A Continuous Skip-gram model is a two-layer neural network that:
- takes the "focus word" as an input.
- generates the surrounding "context words" as the output.
To use Emoji2Vec, here's a few step you have to do:
# Import KeyedVectors
from gensim.models import KeyedVectors
# Specify binary=False if you downloaded the emoji2vec.txt file
e2v = KeyedVectors.load_word2vec_format('emoji2vec.bin', binary=True)
We can use Emoji2Vec the same way we use a Word2Vec since it is built on top of it. Below are some ways we can use the Emoji2Vec.

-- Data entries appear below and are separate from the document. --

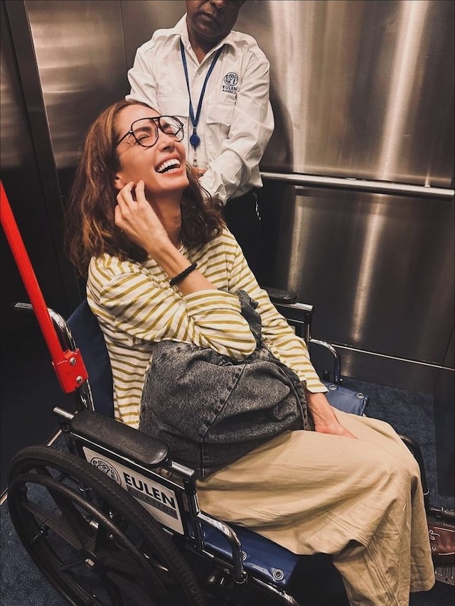 Con su característico sentido del humor, Eugenia compartió una imagen en la que aparece sentada en una silla de ruedas dentro de un ascensor, acompañada del comentario: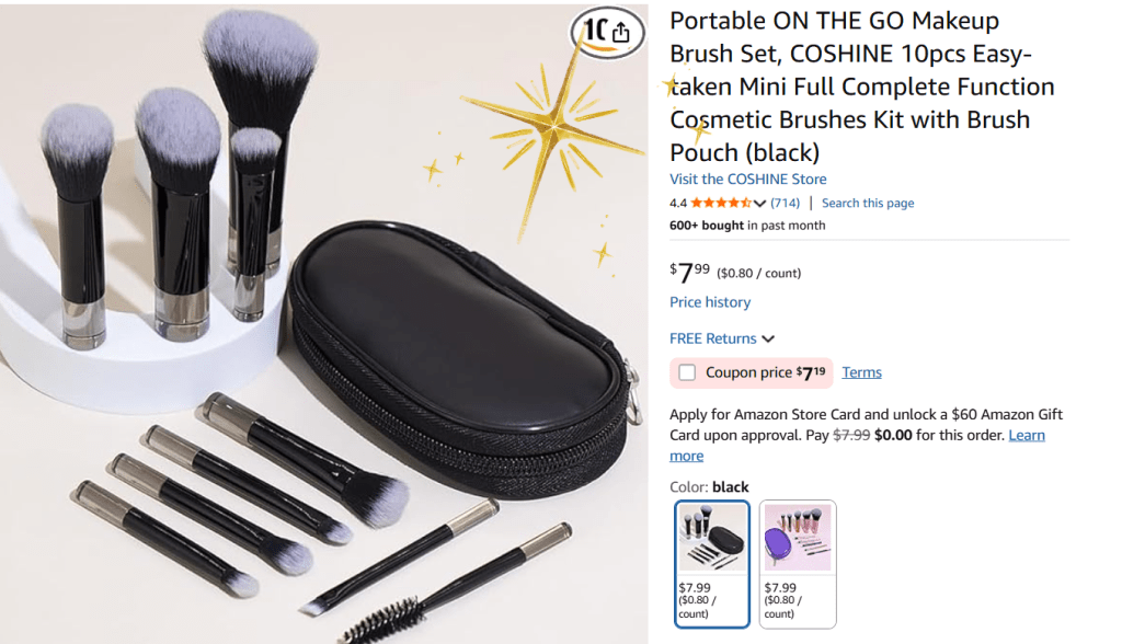Portable ON THE GO Makeup Brush Set $7.99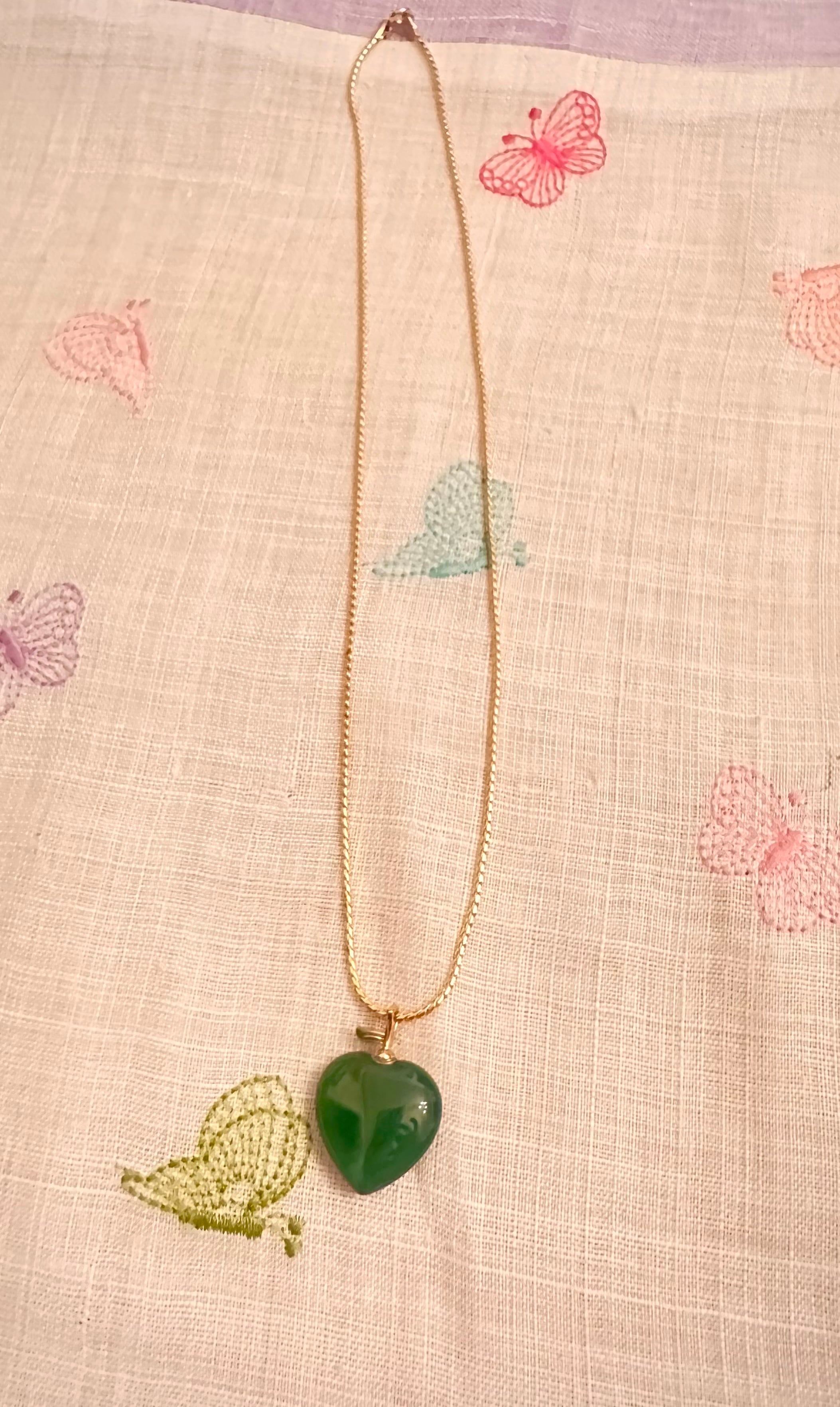 ハートりんごのアベンチュリンシルバーネックレス(金加工)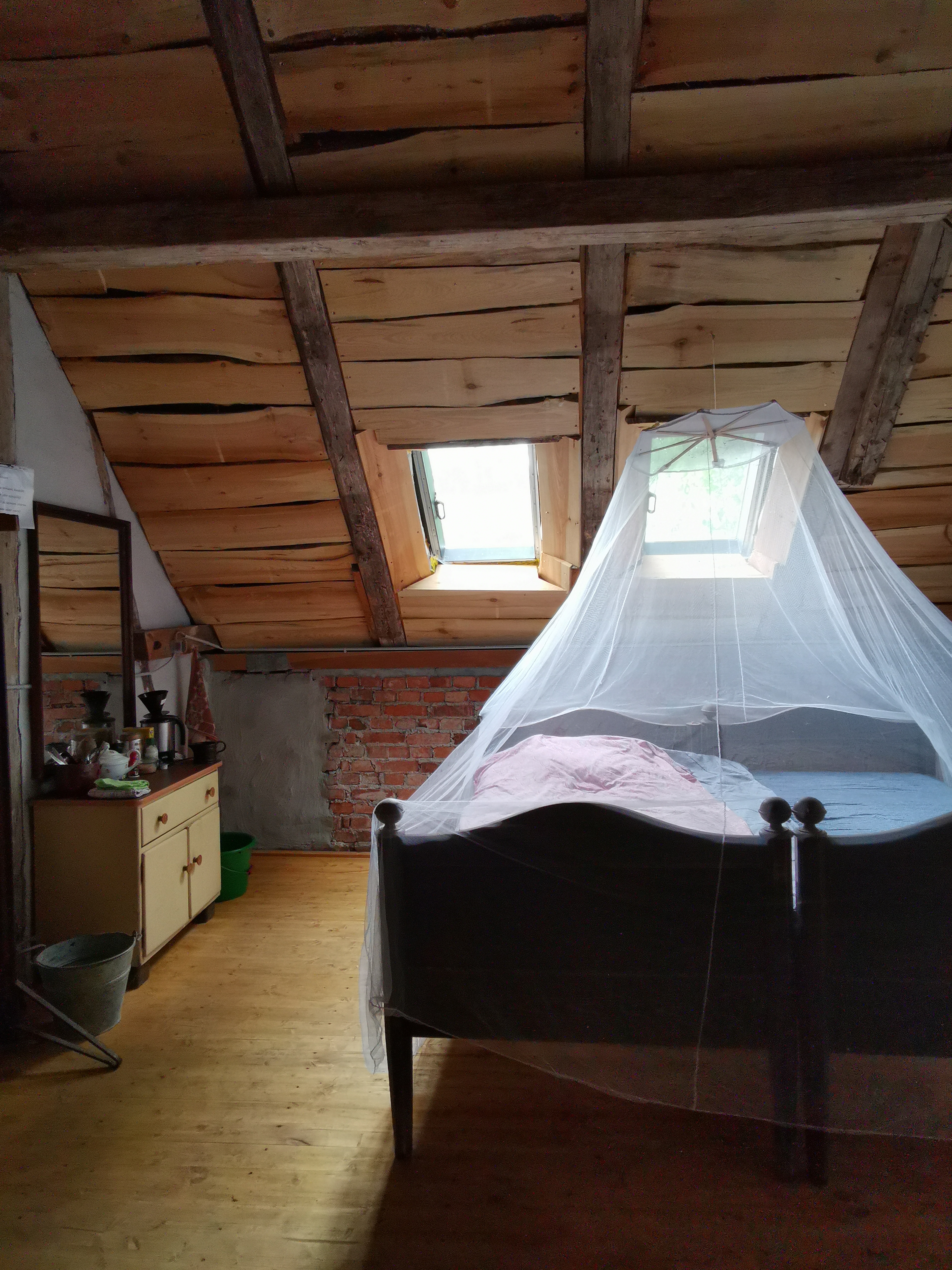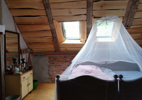 In Stolpe auf dem Stolper Turm aß ich meine selbstgemachten Brote und ging dann weiter nach Stolzenhagen, wobei ich von dem Aussichtspunkt am Stolper Turm die Stolzenhagener Brücke schon erkannte. Ab kurz vor Stolpe lief ich nun endlich auf dem Jakobsweg „Via Imperii“. Angekommen am Eselhof meldete ich mich bei der Eigentümerin, die mir alles zu meiner Unterkunft erklärte. Ich sollte die kommende Nacht in der „Knechtstube“ verbringen, was ein (leicht) ausgebauter Dachboden über dem Heuboden war. Ich stellte meine Sachen ab – es gab ein altes Bett und eine Waschmöglichkeit mit kaltem Wasser aus einem Krug. Anschließend machte ich mich frisch und guckte mich im Dorf um und kaufte auf dem Hof „Stolze Kuh“ einen Joghurt für das Abendbrot und Frühstück. Gesagt, getan. Anschließend schrieb ich mein Tagebuch direkt an der Hohensaaten-Friedrichsthaler-Wasserstraße (HoFriWa), wo urplötzlich mein Opa vor mir stand. Er wollte mich besuchen und wir erzählten ausgiebig, bevor wir die Stolzenhagener Kirche besichtigten und er mich wieder zum Eselhof brachte. Ich muss sagen, dass ich mit den ständigen Besuchen und den sich anschließenden Abschieden nicht so gut umgehen konnte. Das stimmte mich sehr traurig, da meine Familie zu mir kam und sich im nächsten Moment wieder verabschiedete – ich fühlte mich wie zurückgelassen und war traurig. Als ich in meiner Knechtstube ankam, ereignete sich das nächste Erlebnis, was meine Situation nicht gerade verbesserte. Ich wollte ein Fenster öffnen, was stark eingerastet war. Dabei weckte ich einen Mader auf, der unter der leichten Verkleidung des Daches schlief. Er schaute mich mit seinen großen Augen an und am Holz zeichneten sich seine kleinen Pfötchen ab. Wir erschraken beide!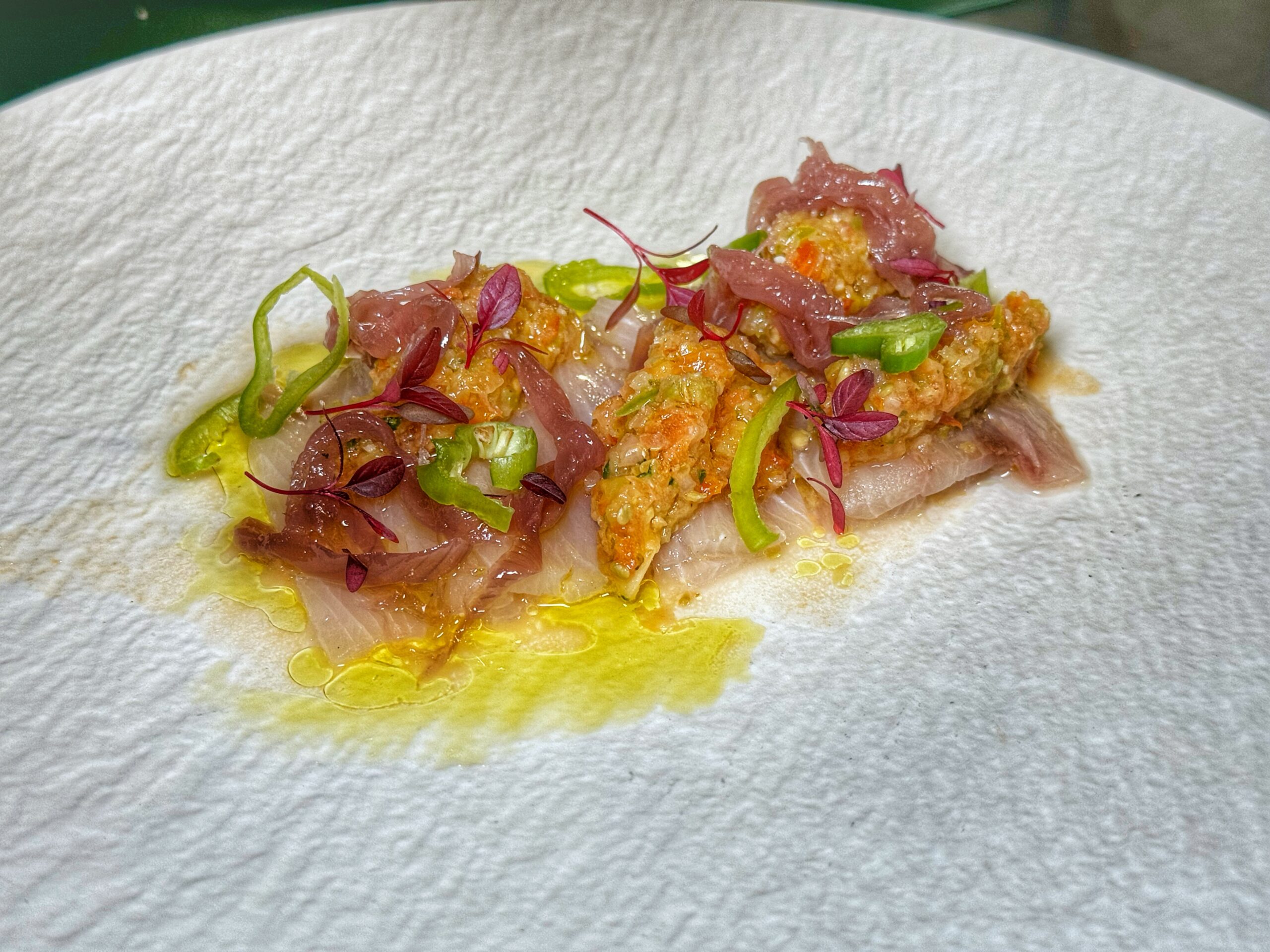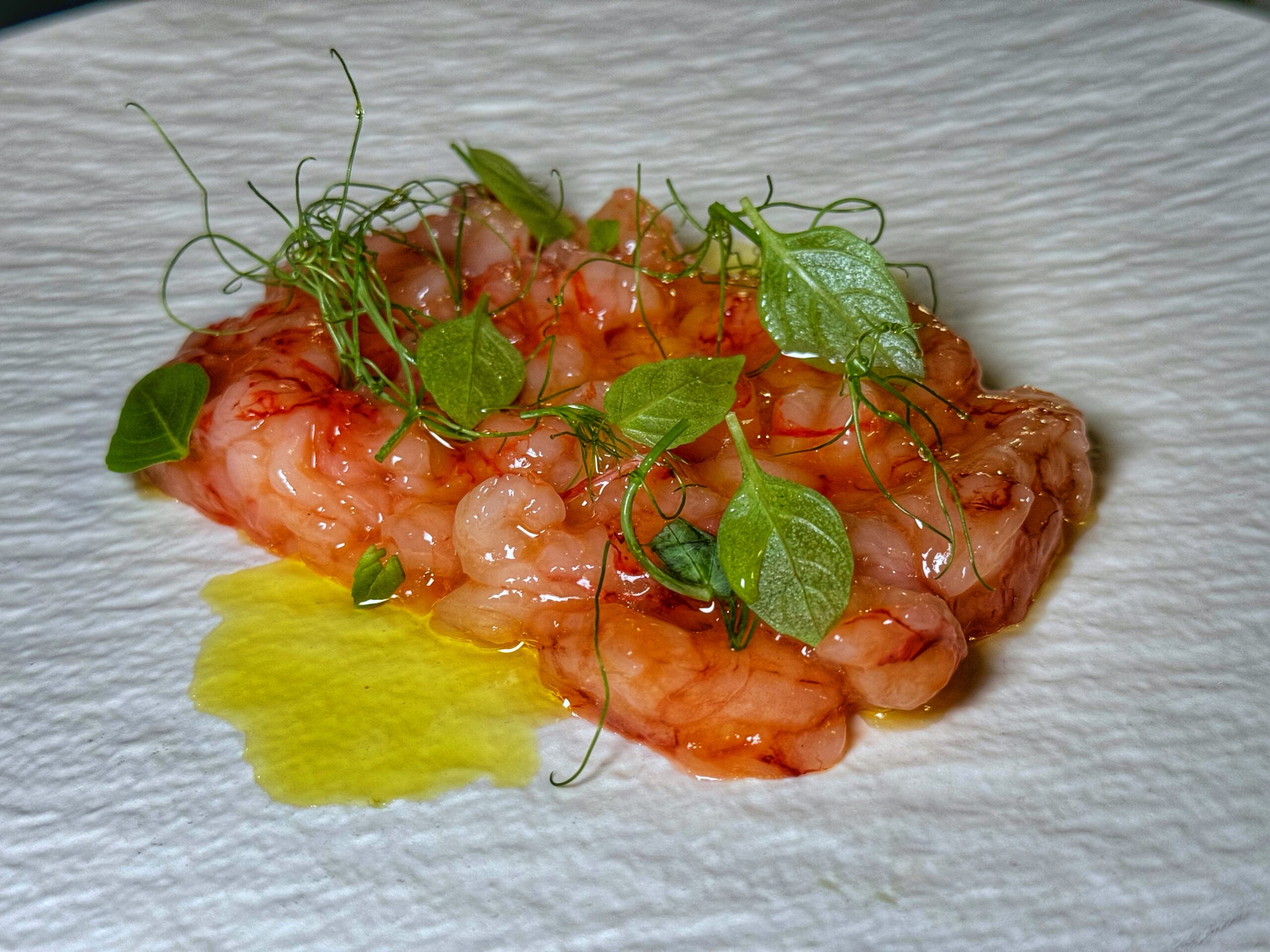 - tartare di gameroni rossi, olio evo del Cilento e sale Maldon di Sale Paestum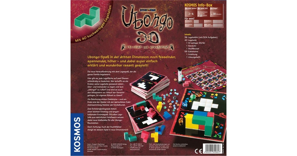 Ubongo-Spaß in der dritten Dimension: noch fesselnder, spannender, höher – und dabei super einfach erklärt und wunderbar rasant gespielt! Die neue Herausforderung mit dem Legespaß, der die ganze Familie begeistert: Hier gilt es, jede Legefläche auf zwei Ebenen vollständig zu bedecken. Wer schafft es als Erster, seine Legeteile passend neben-, über- und ineinander zu legen und laut „Ubongo!“ zu rufen? Und wird es auch den Mitspielern vor Ablauf der Sanduhr gelingen, ihr eigenes Rätsel zu lösen? Als Belohnung winken Edelsteine – und am Ende wird der Spieler mit der wertvollsten Edelsteinsammlung Meister der Knobelkunst. Zwei Schwierigkeitsgrade bieten einen leichten Einstieg und langanhaltenden Knobelspaß. Die edlen Legeteile aus natürlichen Holzfasern setzen dabei neue Maßstäbe für alle Ubongo-Baumeister. Doch Achtung: Auch der Suchtfaktor steigt bei diesem Spiel in neue Dimensionen! Art.-Nr.: 1187294

Find the most similar emoji specified in the positive parameter. You can also add topn
parameter to find more/less similar emojis
# 😀 + 😏 - 🐻
e2v.most_similar(positive=['😀','😏'], negative=['🐻'])
[('😄', 0.7684105634689331),
('😊', 0.7594529390335083),
('😃', 0.7001644372940063),
('☺️', 0.6823519468307495),
('😆', 0.6771583557128906),
('😁', 0.5827614068984985),
('😙', 0.5478200912475586),
('😼', 0.5350919961929321),
('😺', 0.5226963758468628),
('😸', 0.5138327479362488)]
Find which emoji that doesn't match the rest of the emoji.
e2v.doesnt_match(['👹','😄','🌚'])
'😄'
Find which emoji that is available in the pre-trained model and how many emojis available.
print(f"There are {len(e2v.vocab)} emojis in the pre-trained model")
# Select 10 emojis from the pre-trained model
list(e2v.vocab.keys())[:10]
There are 1661 emojis in the pre-trained model
['🇸🇰', '👔', '🌀', '🚾', '👹', '🚻', '👬', '🇫🇯', '🎧', '🐽']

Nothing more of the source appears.